# Betta pics



## lili (Dec 15, 2007)

Who likes betta ?

1. CLEO

Cleo and his toy:








































Cleo and worm








Cleo and his own 10g









2. Gipsy

















3. Saphira

















4. RIP Pinky (she died when I was on a trip .... )









5.Topaz

























6. Ugly (just rescued, still clamped fins and fin rot .... now gorgeous)









Good friends for betta: tetra, frogs, snails, yo-yo. 
Too many pics  ?

L

PS: I always clean the glass after I look at the pictures I took.


----------



## Ciddian (Mar 15, 2006)

LOL dontcha love spotty glass. D:

I love your betta! They all look well cared for!


----------



## lili (Dec 15, 2007)

Ciddian said:


> LOL dontcha love spotty glass. D:
> 
> I love your betta! They all look well cared for!


Thank you.
I got them from Petsmart, one by one, everytime I needed a pump or a filter I ended up buying a betta, the worse looking one from the jars. 
Saphira was grey when I bought her. I thought it's an interesting color but she was just very sick. Pinky was white with some purple. Cleo was in the jar at Petsmart for almost half year. The sale person begged me to take him because he is the oldest there. Nobody wanted him. He was looking .... like dead. Gipsy is my favourite, very nice personality and was a good friend for yo-yos, shrimp and frogs when they lived in the same tank. Now she has some bumblebee shrimp in her tank - no problem. 
Bottom line, nice girls but there is no way for a sorrority. I tried, for fun, in a 10 g and it took them about 30 second to start killing eachother, flarring and stess stripes. I couldn't fish them out soon enough ... 
L


----------



## Morgan (Apr 15, 2008)

lili said:


> Thank you.
> I got them from Petsmart, one by one, everytime I needed a pump or a filter I ended up buying a betta, the worse looking one from the jars.
> Saphira was grey when I bought her. I thought it's an interesting color but she was just very sick. Pinky was white with some purple. Cleo was in the jar at Petsmart for almost half year.

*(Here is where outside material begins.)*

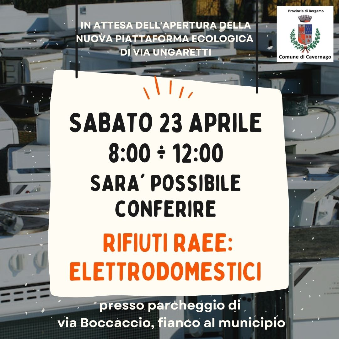 Sabato 23 aprile 2022 ore 8:00 ÷ 12:00 sarà possibile conferire rifiuti RAEE presso il parcheggio di via Boccaccio a fianco al municipio-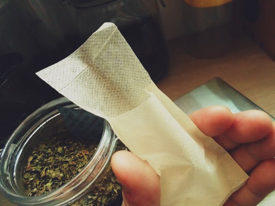 원하는 양만큼 페퍼민트를 티백망에 넣어주고,

The sale person begged me to take him because he is the oldest there. Nobody wanted him. He was looking .... like dead. Gipsy is my favourite, very nice personality and was a good friend for yo-yos, shrimp and frogs when they lived in the same tank. Now she has some bumblebee shrimp in her tank - no problem.
> Bottom line, nice girls but there is no way for a sorrority. I tried, for fun, in a 10 g and it took them about 30 second to start killing eachother, flarring and stess stripes. I couldn't fish them out soon enough ...
> L


Nice Betta! (I think it should be it's own plural)

About the sorority... You don't have to worry. All female Betta aquariums start out violent - Some more than others, but all of them will flare. This can continue for up to about a week, and generally physical fighting is over after the first few days (Mine only fought on the first, but I've heard of physical violence after that). If it does persist, you don't have to remove all the females - Just the aggressive one. Also, don't be TOO worried about the level of violence (Again, unless it persists) - On the first day my girls engaged in what I call the kiss of death - Two of them bit onto each other's lips and wouldn't let go. If you're really worried you can add a little melafix to help heal their cuts.

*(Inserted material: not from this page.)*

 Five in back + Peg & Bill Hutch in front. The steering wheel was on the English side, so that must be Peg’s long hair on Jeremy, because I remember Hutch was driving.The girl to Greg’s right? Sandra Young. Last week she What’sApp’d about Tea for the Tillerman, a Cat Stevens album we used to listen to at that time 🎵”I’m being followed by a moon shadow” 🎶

The reason for this is that unlike males, the females ARE social fish - They enjoy being in groups > 3/4 and they have a fairly simply hierarchy with an Alpha female. When you add your Betta to the same tank, it's like putting a bunch of wolves in the same pen - They'll fight until they know who's boss. That was a pretty terrible analogy, but I hope it helped.

=) Thanks.

Edit: Although a 10 gallon is a little small for a community.


----------



## lili (Dec 15, 2007)

Thanks, but I am too scared to try a betta (no "s"  ) sorority.
L


----------